## Work instructions
Pictures stay out of the copy. Everything else in the records must be repeated exactly.

▼

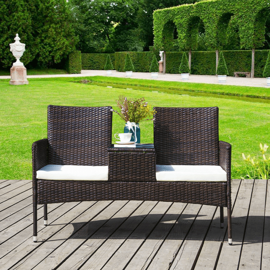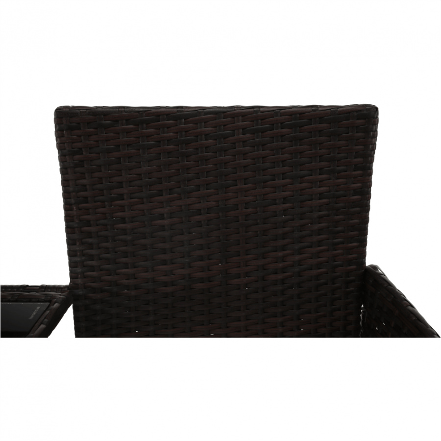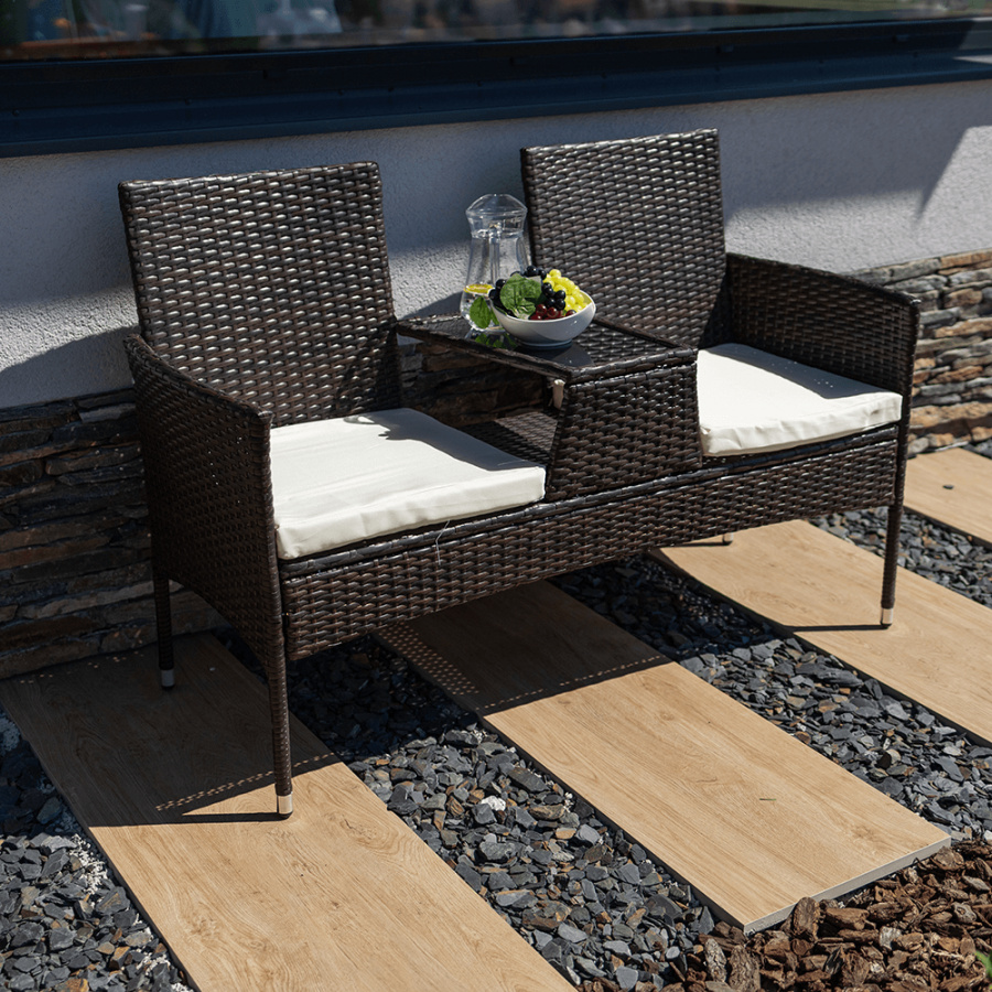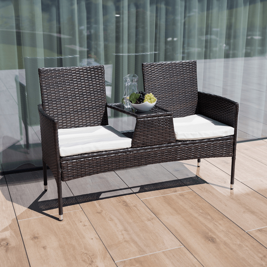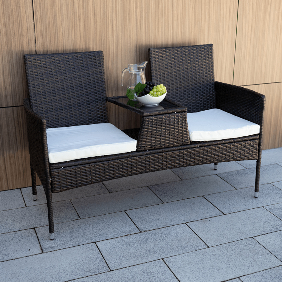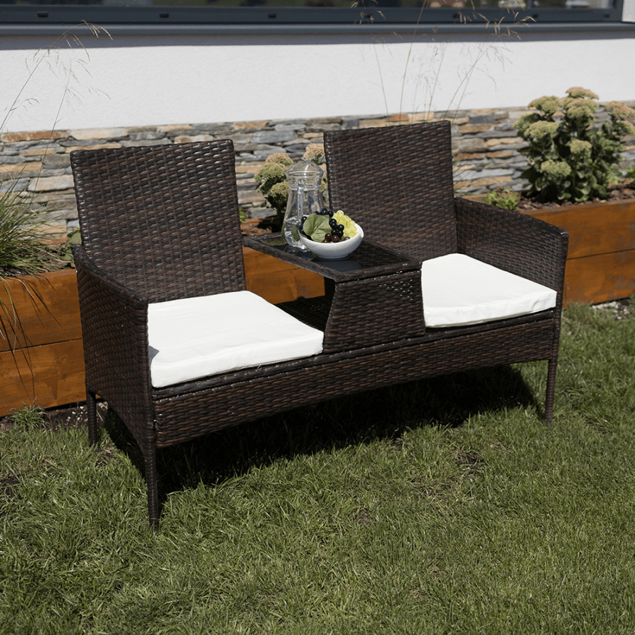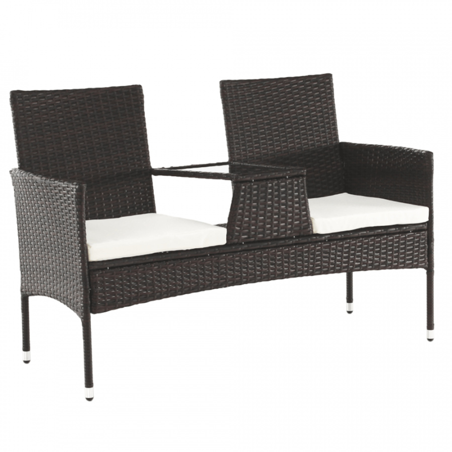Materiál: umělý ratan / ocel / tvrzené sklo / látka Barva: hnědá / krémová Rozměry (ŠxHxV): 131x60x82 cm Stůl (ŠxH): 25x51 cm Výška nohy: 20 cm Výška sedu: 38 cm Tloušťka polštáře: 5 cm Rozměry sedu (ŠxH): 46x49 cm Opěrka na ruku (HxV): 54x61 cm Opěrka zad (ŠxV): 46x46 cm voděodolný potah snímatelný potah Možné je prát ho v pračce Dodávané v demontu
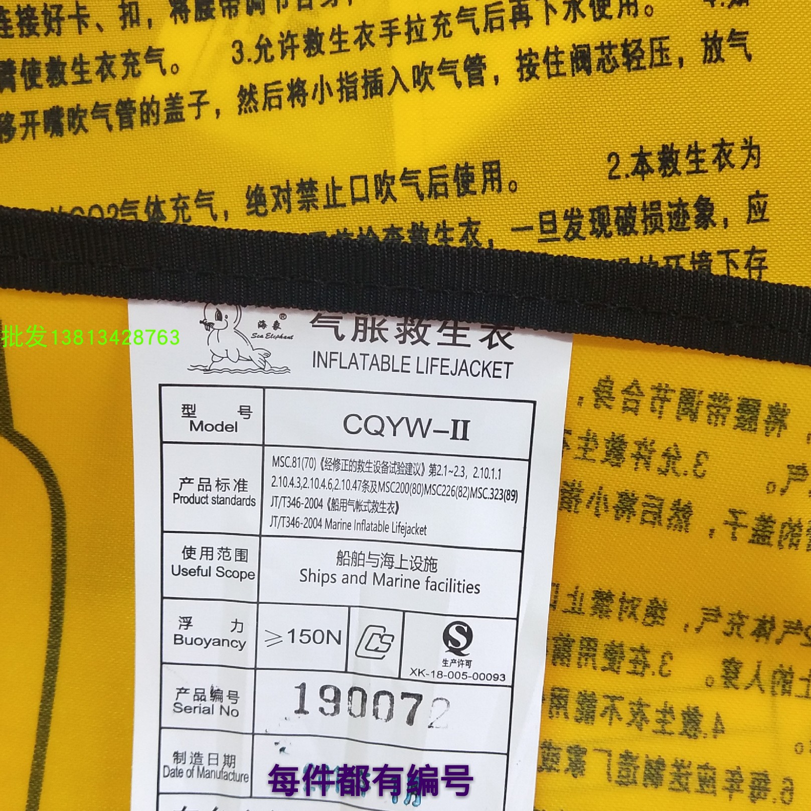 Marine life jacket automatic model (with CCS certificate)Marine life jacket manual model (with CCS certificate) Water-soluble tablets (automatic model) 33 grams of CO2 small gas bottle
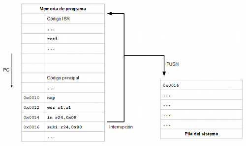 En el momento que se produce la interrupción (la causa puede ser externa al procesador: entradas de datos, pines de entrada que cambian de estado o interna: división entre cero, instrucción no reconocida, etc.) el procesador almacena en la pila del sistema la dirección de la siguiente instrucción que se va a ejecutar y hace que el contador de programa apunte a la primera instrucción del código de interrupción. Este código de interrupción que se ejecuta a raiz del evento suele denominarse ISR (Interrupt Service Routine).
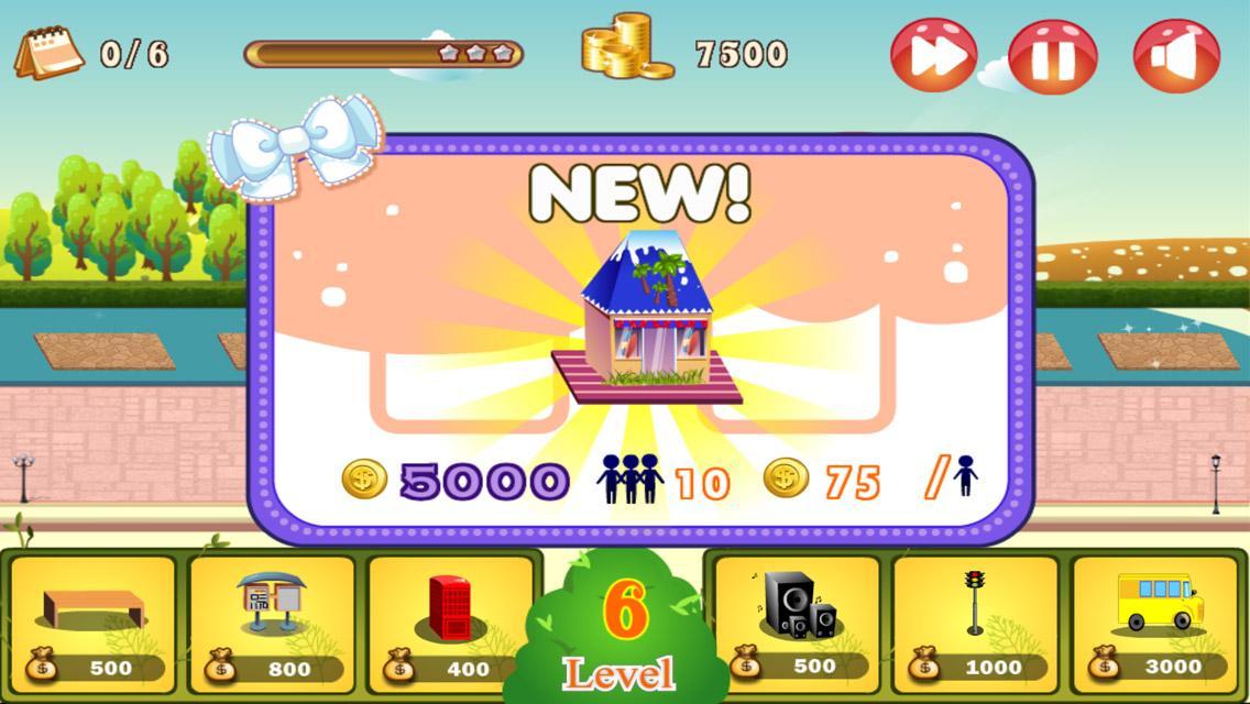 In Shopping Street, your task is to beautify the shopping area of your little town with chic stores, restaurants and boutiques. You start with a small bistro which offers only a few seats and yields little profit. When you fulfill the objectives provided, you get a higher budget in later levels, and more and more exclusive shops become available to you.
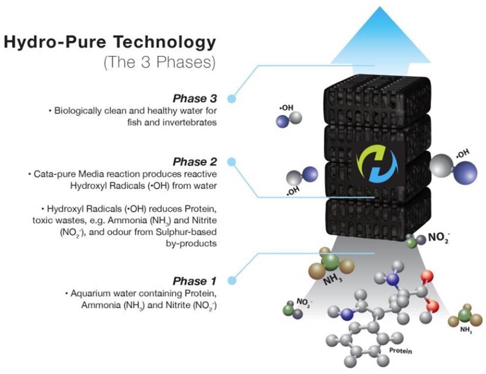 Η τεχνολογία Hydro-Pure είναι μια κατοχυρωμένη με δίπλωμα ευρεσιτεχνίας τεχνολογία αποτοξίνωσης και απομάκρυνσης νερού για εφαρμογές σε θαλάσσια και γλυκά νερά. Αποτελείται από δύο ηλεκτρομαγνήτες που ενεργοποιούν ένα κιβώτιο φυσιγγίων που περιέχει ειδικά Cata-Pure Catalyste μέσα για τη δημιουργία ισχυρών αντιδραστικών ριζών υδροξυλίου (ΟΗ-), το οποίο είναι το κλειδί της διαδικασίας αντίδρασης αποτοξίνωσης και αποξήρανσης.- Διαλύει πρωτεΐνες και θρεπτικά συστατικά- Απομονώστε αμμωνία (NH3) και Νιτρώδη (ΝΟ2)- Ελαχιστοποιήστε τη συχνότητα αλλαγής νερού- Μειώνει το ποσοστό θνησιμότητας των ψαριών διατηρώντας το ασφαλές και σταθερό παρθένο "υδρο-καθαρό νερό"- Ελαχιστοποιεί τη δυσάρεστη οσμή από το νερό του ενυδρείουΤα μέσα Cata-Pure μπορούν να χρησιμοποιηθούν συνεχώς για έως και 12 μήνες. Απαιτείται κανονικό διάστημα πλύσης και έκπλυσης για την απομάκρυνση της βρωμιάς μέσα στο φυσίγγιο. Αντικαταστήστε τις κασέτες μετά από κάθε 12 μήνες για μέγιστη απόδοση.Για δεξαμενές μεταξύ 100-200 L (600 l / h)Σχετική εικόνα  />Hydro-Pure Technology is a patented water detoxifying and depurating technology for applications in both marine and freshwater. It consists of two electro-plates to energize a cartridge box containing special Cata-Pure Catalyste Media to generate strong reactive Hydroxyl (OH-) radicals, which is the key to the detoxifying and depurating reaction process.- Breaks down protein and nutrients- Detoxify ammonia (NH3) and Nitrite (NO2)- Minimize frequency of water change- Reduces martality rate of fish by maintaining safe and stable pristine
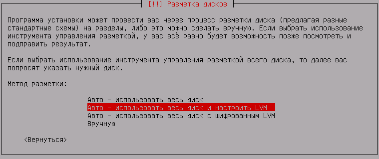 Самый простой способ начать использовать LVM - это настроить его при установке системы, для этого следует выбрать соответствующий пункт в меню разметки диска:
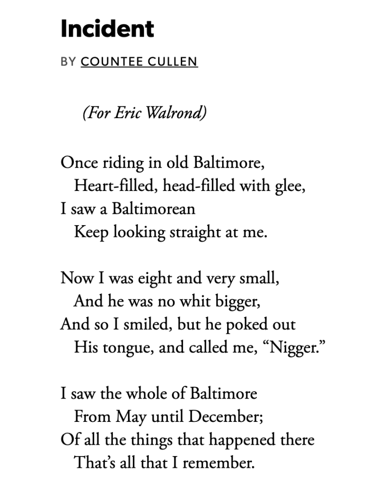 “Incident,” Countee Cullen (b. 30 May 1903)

▲

## Solved exercise
Materiál: umělý ratan / ocel / tvrzené sklo / látka Barva: hnědá / krémová Rozměry (ŠxHxV): 131x60x82 cm Stůl (ŠxH): 25x51 cm Výška nohy: 20 cm Výška sedu: 38 cm Tloušťka polštáře: 5 cm Rozměry sedu (ŠxH): 46x49 cm Opěrka na ruku (HxV): 54x61 cm Opěrka zad (ŠxV): 46x46 cm voděodolný potah snímatelný potah Možné je prát ho v pračce Dodávané v demontu
 Marine life jacket automatic model (with CCS certificate)Marine life jacket manual model (with CCS certificate) Water-soluble tablets (automatic model) 33 grams of CO2 small gas bottle
 En el momento que se produce la interrupción (la causa puede ser externa al procesador: entradas de datos, pines de entrada que cambian de estado o interna: división entre cero, instrucción no reconocida, etc.) el procesador almacena en la pila del sistema la dirección de la siguiente instrucción que se va a ejecutar y hace que el contador de programa apunte a la primera instrucción del código de interrupción. Este código de interrupción que se ejecuta a raiz del evento suele denominarse ISR (Interrupt Service Routine).
 In Shopping Street, your task is to beautify the shopping area of your little town with chic stores, restaurants and boutiques. You start with a small bistro which offers only a few seats and yields little profit. When you fulfill the objectives provided, you get a higher budget in later levels, and more and more exclusive shops become available to you.
 Η τεχνολογία Hydro-Pure είναι μια κατοχυρωμένη με δίπλωμα ευρεσιτεχνίας τεχνολογία αποτοξίνωσης και απομάκρυνσης νερού για εφαρμογές σε θαλάσσια και γλυκά νερά. Αποτελείται από δύο ηλεκτρομαγνήτες που ενεργοποιούν ένα κιβώτιο φυσιγγίων που περιέχει ειδικά Cata-Pure Catalyste μέσα για τη δημιουργία ισχυρών αντιδραστικών ριζών υδροξυλίου (ΟΗ-), το οποίο είναι το κλειδί της διαδικασίας αντίδρασης αποτοξίνωσης και αποξήρανσης.- Διαλύει πρωτεΐνες και θρεπτικά συστατικά- Απομονώστε αμμωνία (NH3) και Νιτρώδη (ΝΟ2)- Ελαχιστοποιήστε τη συχνότητα αλλαγής νερού- Μειώνει το ποσοστό θνησιμότητας των ψαριών διατηρώντας το ασφαλές και σταθερό παρθένο "υδρο-καθαρό νερό"- Ελαχιστοποιεί τη δυσάρεστη οσμή από το νερό του ενυδρείουΤα μέσα Cata-Pure μπορούν να χρησιμοποιηθούν συνεχώς για έως και 12 μήνες. Απαιτείται κανονικό διάστημα πλύσης και έκπλυσης για την απομάκρυνση της βρωμιάς μέσα στο φυσίγγιο. Αντικαταστήστε τις κασέτες μετά από κάθε 12 μήνες για μέγιστη απόδοση.Για δεξαμενές μεταξύ 100-200 L (600 l / h)Σχετική εικόνα  />Hydro-Pure Technology is a patented water detoxifying and depurating technology for applications in both marine and freshwater. It consists of two electro-plates to energize a cartridge box containing special Cata-Pure Catalyste Media to generate strong reactive Hydroxyl (OH-) radicals, which is the key to the detoxifying and depurating reaction process.- Breaks down protein and nutrients- Detoxify ammonia (NH3) and Nitrite (NO2)- Minimize frequency of water change- Reduces martality rate of fish by maintaining safe and stable pristine
 Самый простой способ начать использовать LVM - это настроить его при установке системы, для этого следует выбрать соответствующий пункт в меню разметки диска:
 “Incident,” Countee Cullen (b. 30 May 1903)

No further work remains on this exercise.